> _Your task_
Please retype the entries below word for word, passing over every picture.

Records from a collection:
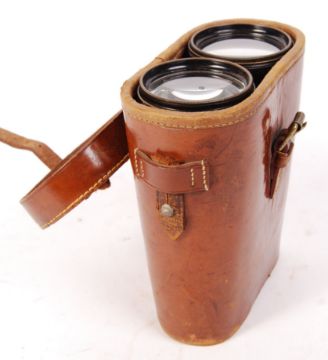 Two pairs of antique / vintage early to mid-20th century binoculars. Comprising: a pair of H. Hughes & Son of London binoculars along with a pair of leather bound unmarked binoculars in a brown leather case with a red velvet interior.
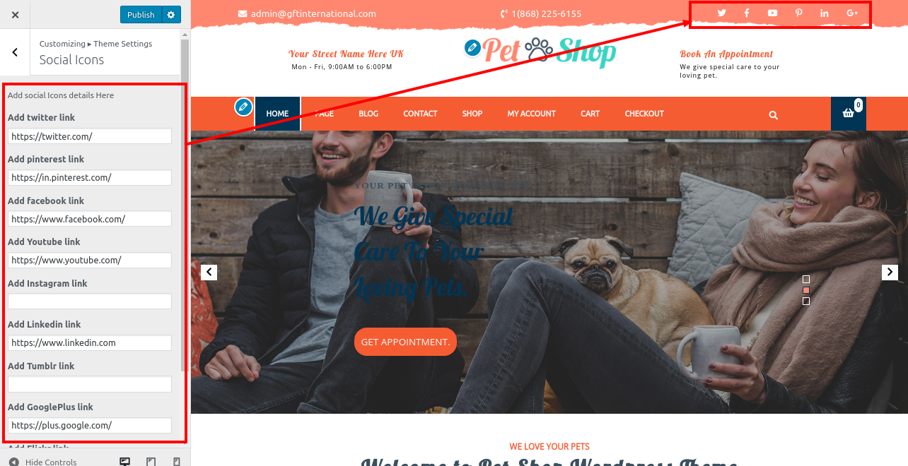 Go to Appearance >> Customize >> Social Icons Section.
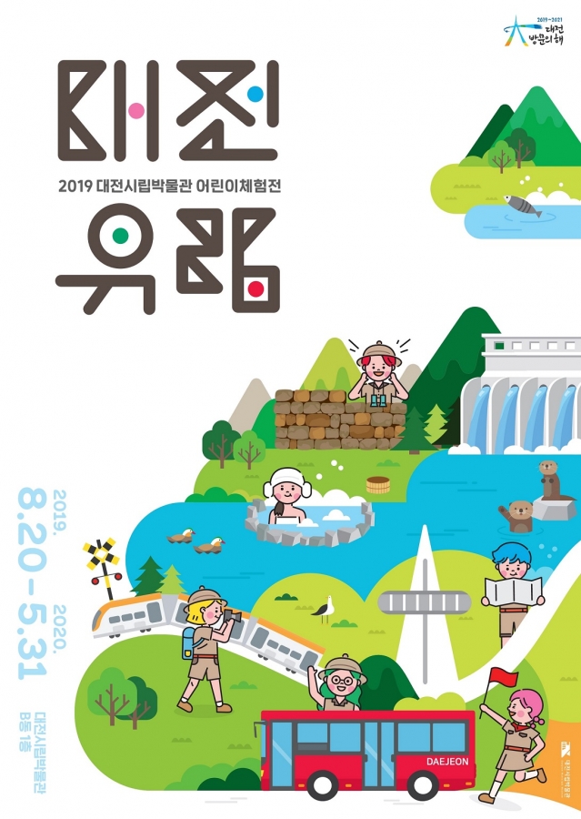 대전시립박물관은 오는 20일부터 내년 5월 31일까지 대전시립박물관 B동 1층에서 2019년 어린이체험전시 ‘대전유람 (大田遊覽)’을 선보인다. 이번 전시는 대전 방문의 해를 기념해 ‘대전의 산과 물, 도시로 유람을 떠나보자’를 주제로 어린이들이 대전에 대해 재미있게 놀면서 알아볼 수 있는 내용으로 기획됐으며 어린이들의 눈높이에 맞춘 다양한 시각자료와 체험물로 구성됐다. 전시는 ‘산’, ‘물’, ‘도시’ 총 3개의 테마로 나뉘어 있다. 우선 도입부에서‘대전 어디까지 가봤니?’라는 질문을 던지며 대전에 대해 얼마나 아는지 스스로에게 묻고 답하며 시작할 수 있도록 했다. 1부에서는 ‘산’을 주제로 대전을 둘러싸고 있는 산과 대전을 지켜주었던 ‘산성’들에 대해 알아보고, 2부에서는 ‘물’을 주제로 아름다운 풍경과 생태로 가볼만한 ‘대청호’와 관광도시로서 대전의 모습을 보여줄 수 있는‘유성온천’을 다룬다. 세 번째 테마는 ‘기차가 다니며 만들어진 대전’으로 우리나라 방방곡곡으로 뻗어나간 도로와 철도에 대해 알아보고, 현재까지 남겨진 근대 대전의 건물도 살펴볼 수 있는 공간으로 구성됐다. 이외에도 대전의 산, 물과 관련된 설화이야기들과 대전의 옛 풍경을 볼 수 있는 영상이 곳곳에 담겨 있으며, 마치 대전의 산과 물을 바라보며 소풍 온 것 같은 휴게 공간도 마련됐다. 대전시립박물관 관계자는 “이번 전시를 통해 우리 아름다운 대전을 재미있게 알아보고 즐기는 시간이 되길 바란다”고 말했다. 한편, 이번 전시 개막식는 20일 오전 10시 30분 열릴 예정이며, 입장료는 무료다. 이날 개막식에는 관람객들이 참여한 가운데 대전시립박물관 서포터즈 어린이합창단의 축하공연도 펼쳐진다.
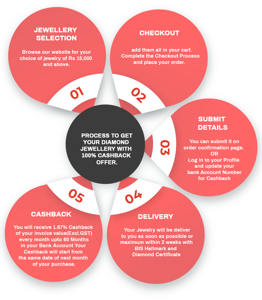 Follow the below Process to get your Diamond Jewellery with 100% Cashback offer.
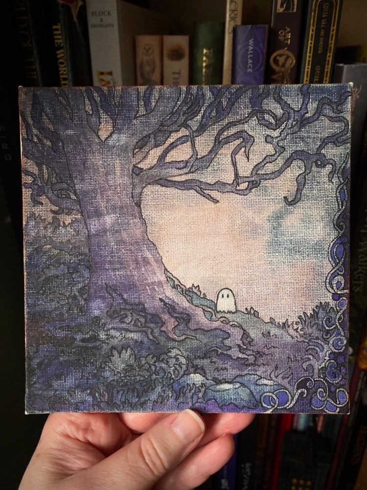 Watercolour on canvas board with an acrylic gouache painted edging.
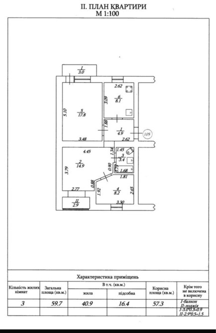 • Загальна площа 59.7 м2
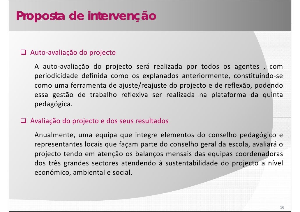 16. 16. Proposta de intervenção Auto‐ Auto‐avaliação do projecto A auto‐avaliação do projecto será realizada por todos os agentes , com periodicidade definida como os explanados anteriormente, constituindo‐se como uma ferramenta de ajuste/reajuste do projecto e de reflexão, podendo essa gestão de trabalho reflexiva ser realizada na plataforma da quinta pedagógica. Avaliação do projecto e dos seus resultados Anualmente, uma equipa que integre elementos do conselho pedagógico e representantes locais que façam parte do conselho geral da escola, avaliará o projecto tendo em atenção os balanços mensais das equipas coordenadoras dos três grandes sectores atendendo à sustentabilidade do projecto a nível económico, ambiental e social. 16

> _Exercise solution_
 Two pairs of antique / vintage early to mid-20th century binoculars. Comprising: a pair of H. Hughes & Son of London binoculars along with a pair of leather bound unmarked binoculars in a brown leather case with a red velvet interior.
 Go to Appearance >> Customize >> Social Icons Section.
 대전시립박물관은 오는 20일부터 내년 5월 31일까지 대전시립박물관 B동 1층에서 2019년 어린이체험전시 ‘대전유람 (大田遊覽)’을 선보인다. 이번 전시는 대전 방문의 해를 기념해 ‘대전의 산과 물, 도시로 유람을 떠나보자’를 주제로 어린이들이 대전에 대해 재미있게 놀면서 알아볼 수 있는 내용으로 기획됐으며 어린이들의 눈높이에 맞춘 다양한 시각자료와 체험물로 구성됐다. 전시는 ‘산’, ‘물’, ‘도시’ 총 3개의 테마로 나뉘어 있다. 우선 도입부에서‘대전 어디까지 가봤니?’라는 질문을 던지며 대전에 대해 얼마나 아는지 스스로에게 묻고 답하며 시작할 수 있도록 했다. 1부에서는 ‘산’을 주제로 대전을 둘러싸고 있는 산과 대전을 지켜주었던 ‘산성’들에 대해 알아보고, 2부에서는 ‘물’을 주제로 아름다운 풍경과 생태로 가볼만한 ‘대청호’와 관광도시로서 대전의 모습을 보여줄 수 있는‘유성온천’을 다룬다. 세 번째 테마는 ‘기차가 다니며 만들어진 대전’으로 우리나라 방방곡곡으로 뻗어나간 도로와 철도에 대해 알아보고, 현재까지 남겨진 근대 대전의 건물도 살펴볼 수 있는 공간으로 구성됐다. 이외에도 대전의 산, 물과 관련된 설화이야기들과 대전의 옛 풍경을 볼 수 있는 영상이 곳곳에 담겨 있으며, 마치 대전의 산과 물을 바라보며 소풍 온 것 같은 휴게 공간도 마련됐다. 대전시립박물관 관계자는 “이번 전시를 통해 우리 아름다운 대전을 재미있게 알아보고 즐기는 시간이 되길 바란다”고 말했다. 한편, 이번 전시 개막식는 20일 오전 10시 30분 열릴 예정이며, 입장료는 무료다. 이날 개막식에는 관람객들이 참여한 가운데 대전시립박물관 서포터즈 어린이합창단의 축하공연도 펼쳐진다.
 Follow the below Process to get your Diamond Jewellery with 100% Cashback offer.
 Watercolour on canvas board with an acrylic gouache painted edging.
 • Загальна площа 59.7 м2
 16. 16. Proposta de intervenção Auto‐ Auto‐avaliação do projecto A auto‐avaliação do projecto será realizada por todos os agentes , com periodicidade definida como os explanados anteriormente, constituindo‐se como uma ferramenta de ajuste/reajuste do projecto e de reflexão, podendo essa gestão de trabalho reflexiva ser realizada na plataforma da quinta pedagógica. Avaliação do projecto e dos seus resultados Anualmente, uma equipa que integre elementos do conselho pedagógico e representantes locais que façam parte do conselho geral da escola, avaliará o projecto tendo em atenção os balanços mensais das equipas coordenadoras dos três grandes sectores atendendo à sustentabilidade do projecto a nível económico, ambiental e social. 16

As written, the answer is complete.